- Born: Leslie Tucker 23 September 1966 (age 59) Trenchtown, Kingston, Jamaica
- Genres: Reggae, dancehall, gospel music
- Occupations: Singer, songwriter, minister
- Years active: 1973–present
- Labels: VP Records, Island Records, Geffen Records, Virgin Records
- Website: Junior Tucker YouTube Channel

= Junior Tucker =

Leslie Tucker, known as Junior Tucker (born 23 September 1966 in Trenchtown, Kingston, Jamaica), is a Jamaican reggae singer, who started his career in secular music but who now sings Christian music. His hits included "Happy" and his own composition, "Don't Test".

==Career==
His first hit was "Happy", released when he was aged seven years old, and was a No. 1 hit single in Jamaica, where he was known as the Jamaican Michael Jackson. He performed the tune at the One Love Peace Concert in 1978. He had further hits with his cover version of "Some Guys Have All The Luck" and, in 1983, recorded the first version of "Mr. Telephone Man", a 1984 Top 20 Billboard hit for New Edition. He then studied audio engineering at the Institute of Audio Research in New York City, and following his study began to write his own songs. "Don't Test", one of his first compositions, became an international hit earning him a recording contract with Virgin in 1989. "Don't Test" peaked at No. 54 in the UK Singles Chart in June 1990. He was released from his Virgin contract in 1991, returning to Jamaica, where he became a dancehall act.

Tucker also had international success (especially in Australia in 1991) with a reggae cover of the 1980 Benny Mardones hit "Into the Night". Junior Tucker's version was called "16 (Into The Night)". In 1993, he recorded a No. 1 hit in "Love of a Lifetime", releasing an album of the same name later that year for VP Records.

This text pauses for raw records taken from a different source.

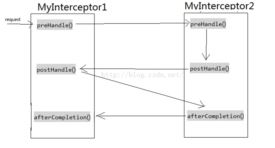 springmvc的拦截器实现HandlerInterceptor接口后,会有三个抽象方法需要实现,分别为方法前执行preHandle,方法后postHandle,页面渲染后afterCompletion。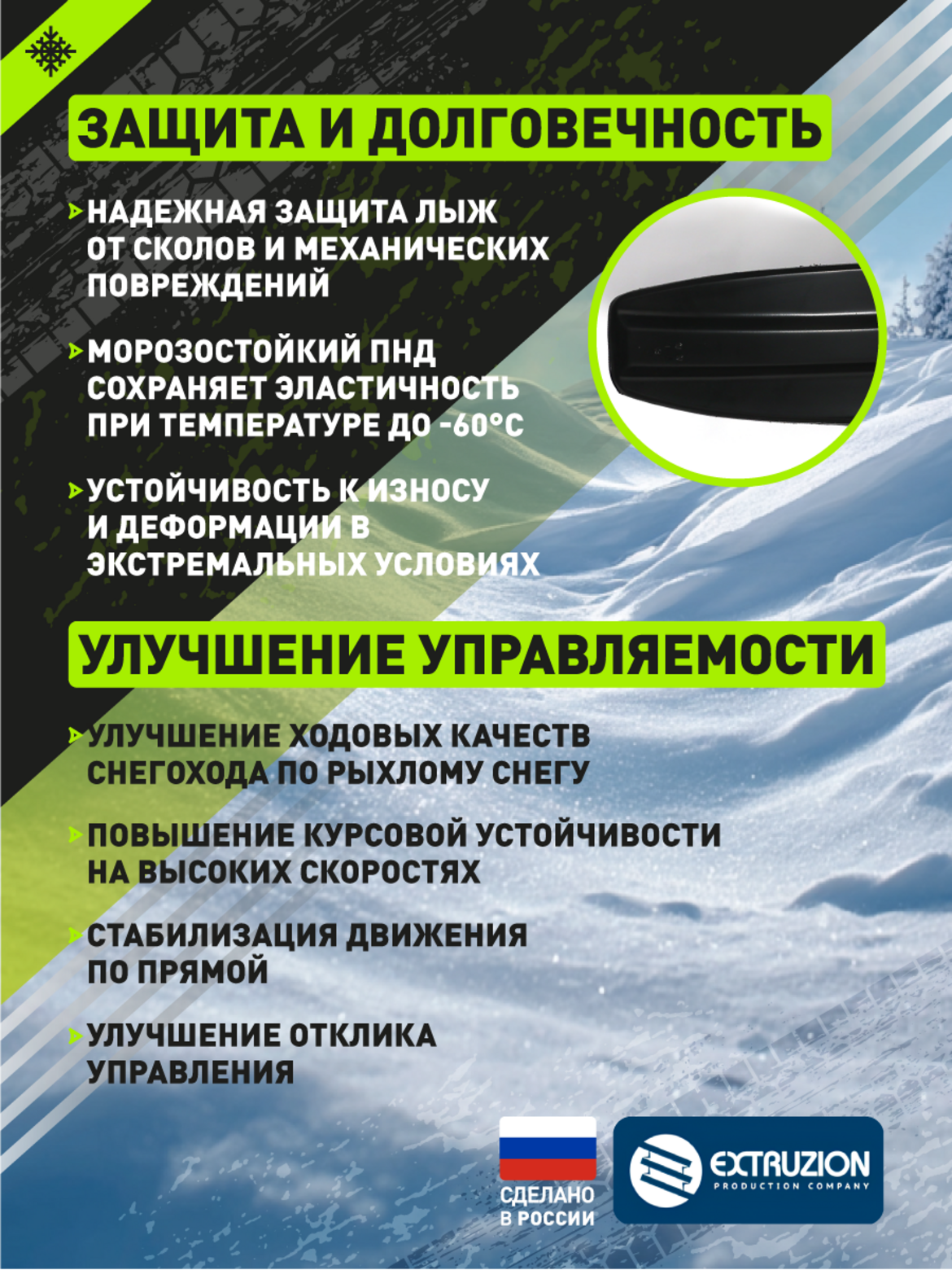 • • Простота установки на стандартные лыжи снегохода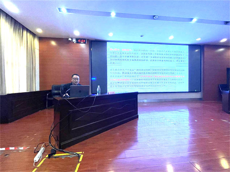 报告指出,党的二十届四中全会是在向第二个百年奋斗目标进军新征程上举行的一次十分重要的会议。全会重点研究“十五五”规划建议问题,审议通过的《中共中央关于制定国民经济和社会发展第十五个五年规划的建议》,作为新时代以来党中央制定的第三个五年规划建议,是确保基本实现社会主义现代化取得决定性进展的纲领性文件。刘良军教授结合历史脉络与时代背景,对全会召开的重大意义进行了深入阐释,让教职工深刻认识到全会精神对教育事业发展的指引价值。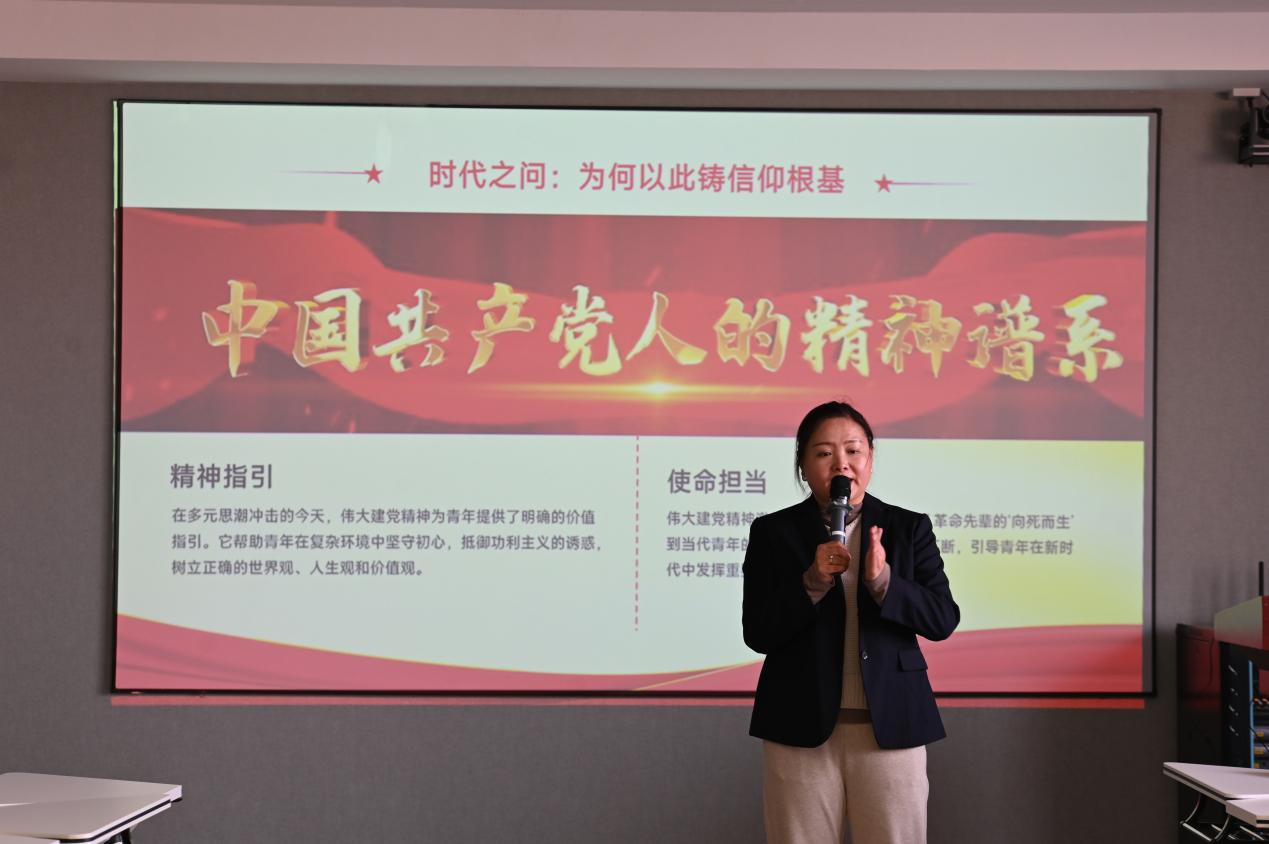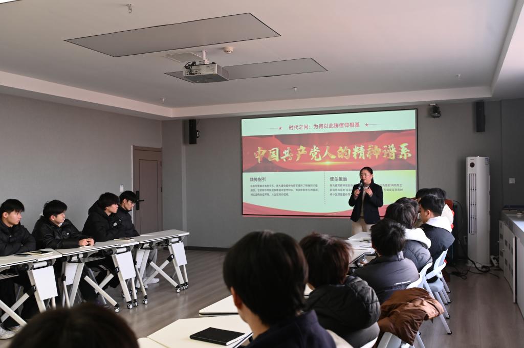 韩丽丽以《赓续精神血脉,勇担青春使命——中国共产党人精神谱系学习》为主题,从精神之源、精神之脉、精神之魂、精神之行四大核心维度,回溯了中国共产党的精神原点,展现了不同历史时期中国共产党人精神传承与发展的脉络,强调了信仰信念信心是共产党人攻坚克难、一往无前的力量支撑,鼓励同学们筑牢信仰之基、补足精神之钙,要在理论学习中感悟精神力量、在社会实践中践行精神内涵、在日常修身中锤炼意志品质,将个人理想融入国家发展大局,用青春的能动力和创造力书写时代答卷。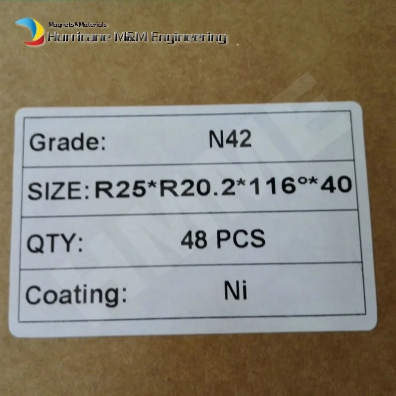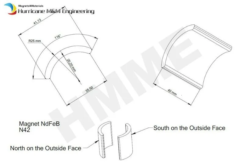 Продукт: дуговые магниты NdFeB класс: N42 Размеры: OR25 * IR20.20 * 116 градусов * 40 мм, как показано ниже Намагничивание DWG: в паре, половина N полюса снаружи и другая половина S полюс наружное покрытие: NiCuNiКоличество: 48 шт.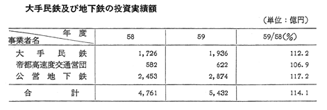 大手民鉄及び地下鉄の投資実績額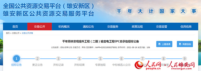 人民網(wǎng)雄安8月17日電 (張佳藝)雄安新區(qū)公共資源交易服務(wù)平臺(tái)發(fā)布的《千年秀林景觀提升工程(二期)輸變電工程EPC總承包招標(biāo)公告》顯示,千年秀林景觀提升工程(二期)項(xiàng)目計(jì)劃9月20日開工,11月21日竣工。項(xiàng)目總投資約超6.7億元。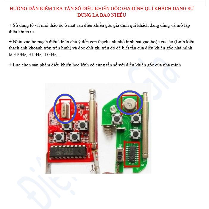 Lưu ý : Điều khiển gốc (Điều khiển A) và Điều khiển học lệnh (Điều khiển B) phải có chung tần số với nhau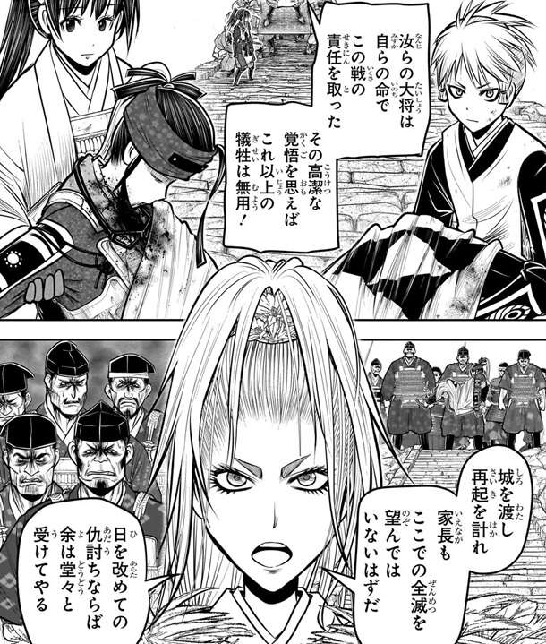 時行は家長の考えのさらに上を行き、敵軍の眼を使った技・千眼白刃(せんげんびゃくじん)を成功させて家長を見事、討ち取ります。総大将の斯波家長が戦死した後、足利軍は杉本寺を顕家軍に明け渡して撤退、顕家軍は杉本寺での攻城戦に勝利し、時行は鎌倉へ進軍します。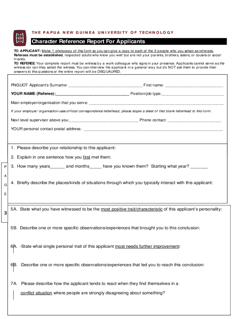 THE Papua New Guinea UNIVERSITY OF TECHNOLOGYCharacter Reference Report For Applicants TO APPLICANT: Make 1 photocopy of this form, so you can give a copy to each of the 2 people who you select as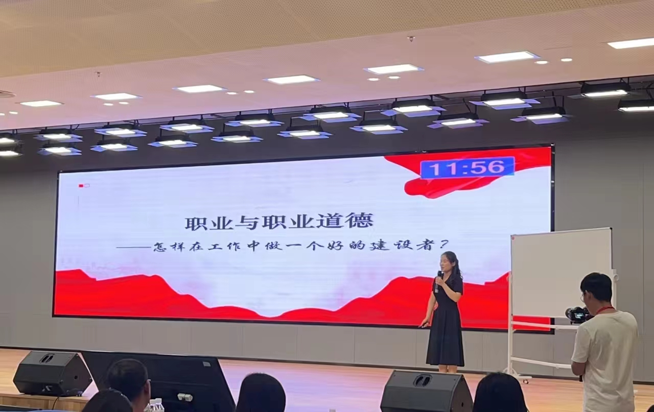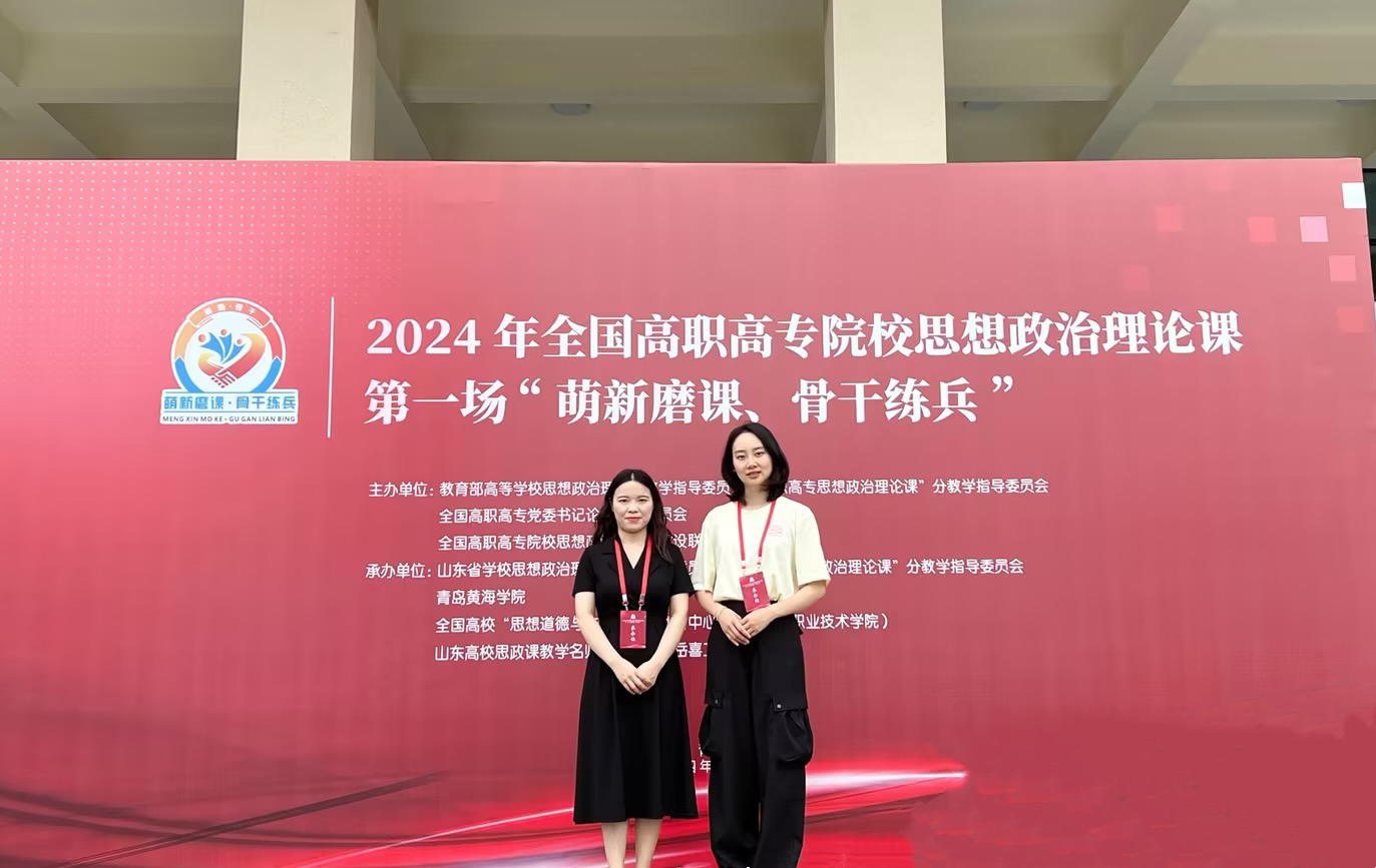 6月22日,2024 年全国高职高专院校思想政治理论课第一场“萌新磨课、骨干练兵”活动在青岛黄海学院举行。来自全国23个省、自治区、直辖市的106所马克思主义学院的负责人、思政课骨干教师和青年教师代表近300人参加活动。我院思想道德与法治教研室主任滕栩、青年教师刘秀,参与了此次展示活动。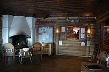 The main building houses a restaurant which serves food all day and has a three-course menu in the evening. There is also a small shop with all sorts of sweets, newspapers, beer, Sami handcrafts and more. In the Nåiden service building may be found sauna facilities, showers, drying rooms and a self-serve kitchen. There is also a rental department where one may rent everything anything needed for the mountain. Saltoluokta organizes guided tours and courses with everything from dog sledding to a boatrides to The Great Falls.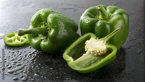 Three vibrant green bell peppers—smooth, glossy, and perfectly ripe—rest on a dark matte surface, glistening with fresh water droplets as if just rinsed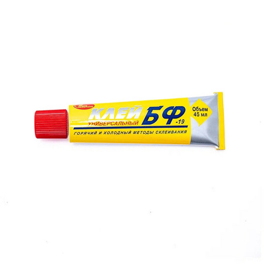 С помощью клея БФ-19 можно склеить металлы, керамику, стекло, дерево и ткань горячим методом. Холодный способ подходит для монтажного склеивания картона, бумаги, резины, пластиков, кожи и тканей.
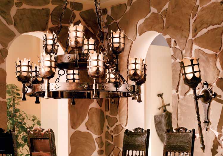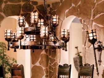 - Massive gotische Lampe, geeignet für geräumige Räume mit hohen Decken. Es ist am besten, im Wohnzimmer zu haben und das entsprechende geschmiedete Zubehör zu unterstützen.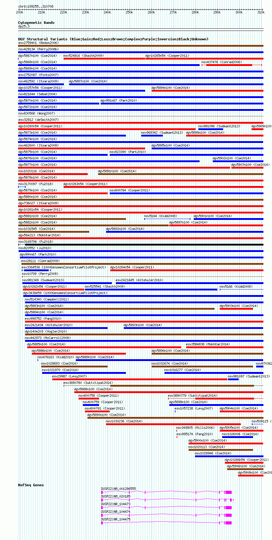 | | Variant Type | CNV loss | | Copy Number | | | Allele State | | | Allele Origin | | | Probe Count | | | Validation Flag | | | Merged Status | M | | Merged Variants | dgv5878n100 | | Supporting Variants | nssv3650443, nssv3650442 | | Samples | | | Known Genes | DUSP22 | | Method | SNP array | | Analysis | Affymetrix SNP array copy number analysis | | Platform | Affymetrix SNP Array 6.0 | | Comments | | | Reference | Coe_et_al_2014 | | Pubmed ID | 25217958 | | Accession Number(s) | nsv1035023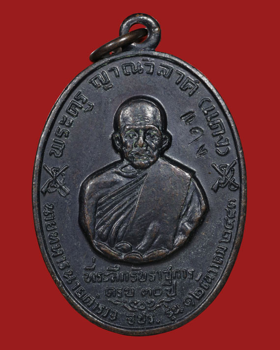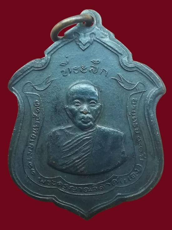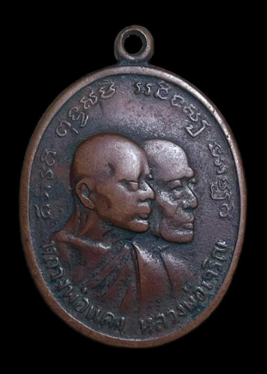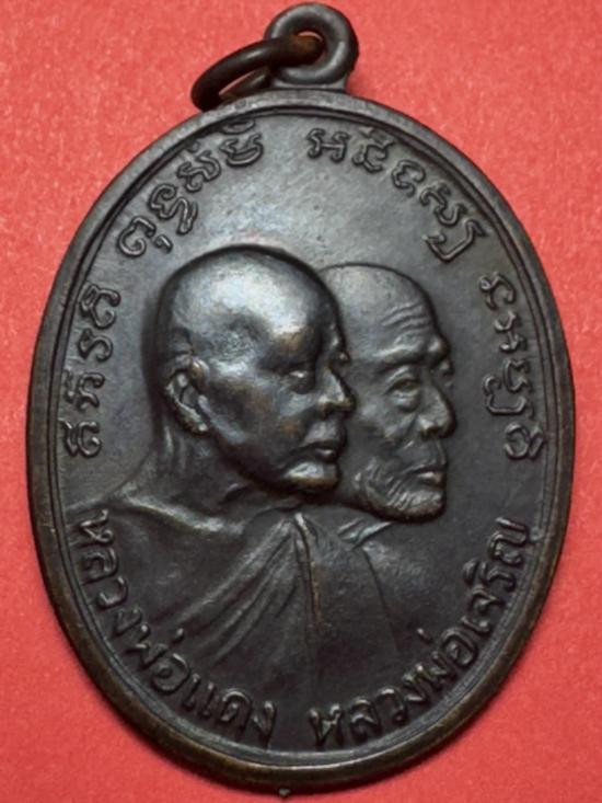 เหรียญสองพี่น้อง หลวงพ่อแดง-หลวงพ่อเจริญ วัวลาน ปี 13 เนื้อทองแดง สวยๆ ผิวเดิมๆ ดำๆ |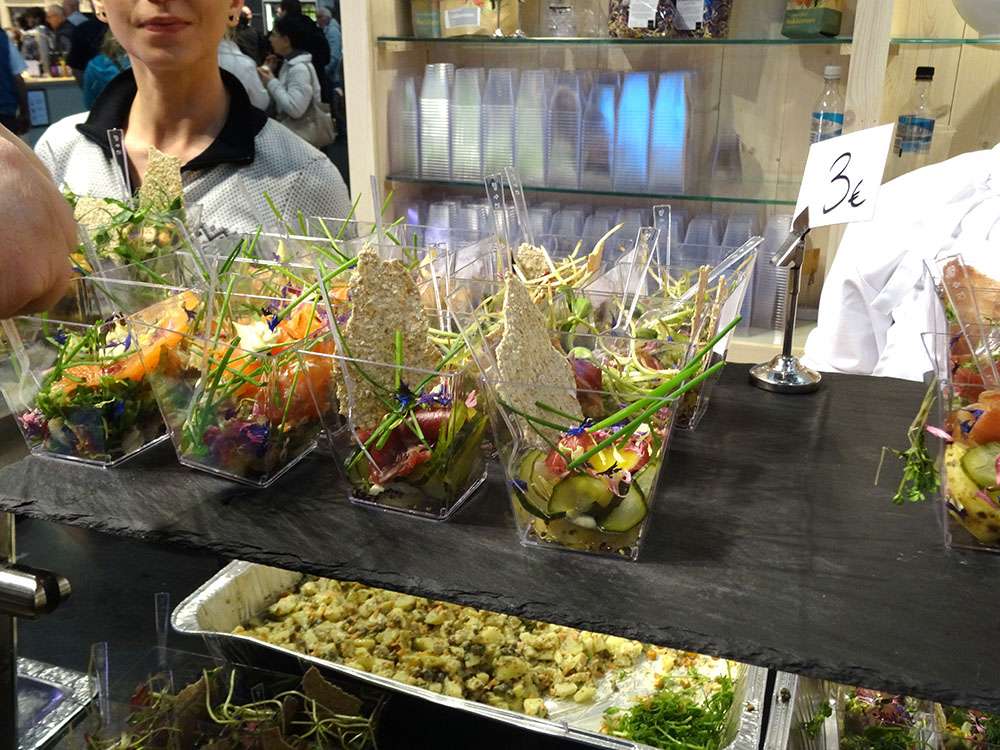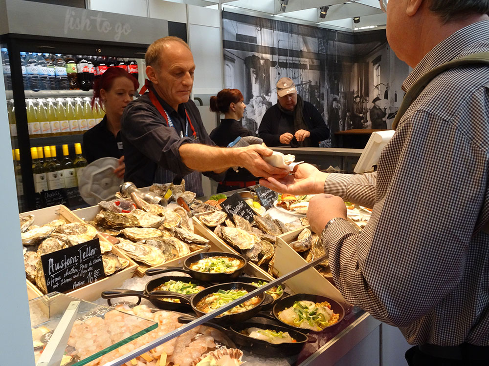 Für die Speisenfolge musste jeder selbst sorgen, sie ergab sich oft zufällig aus der Anordnung der Länder auf dem Rundweg durch die Hallen. Nach Pasteis de Nata aus Portugal folgten z. B. französischen Austern, dann eine schwäbische Maultäschlesuppe und anschließend illustre Lachs- und Knäckebrotsnacks aus Norwegen.

After the death of his father and birth of his daughter, Tucker went in search of the meaning of life. After asking God to 'let him sleep', he became a born again Christian, and was baptised. He said that God had led him to move to Florida, where he initially sung at a mostly West Indian church in Broward. He subsequently moved to New Harvest Church in Clewiston, Florida and enrolled on a correspondence course degree in Ministry.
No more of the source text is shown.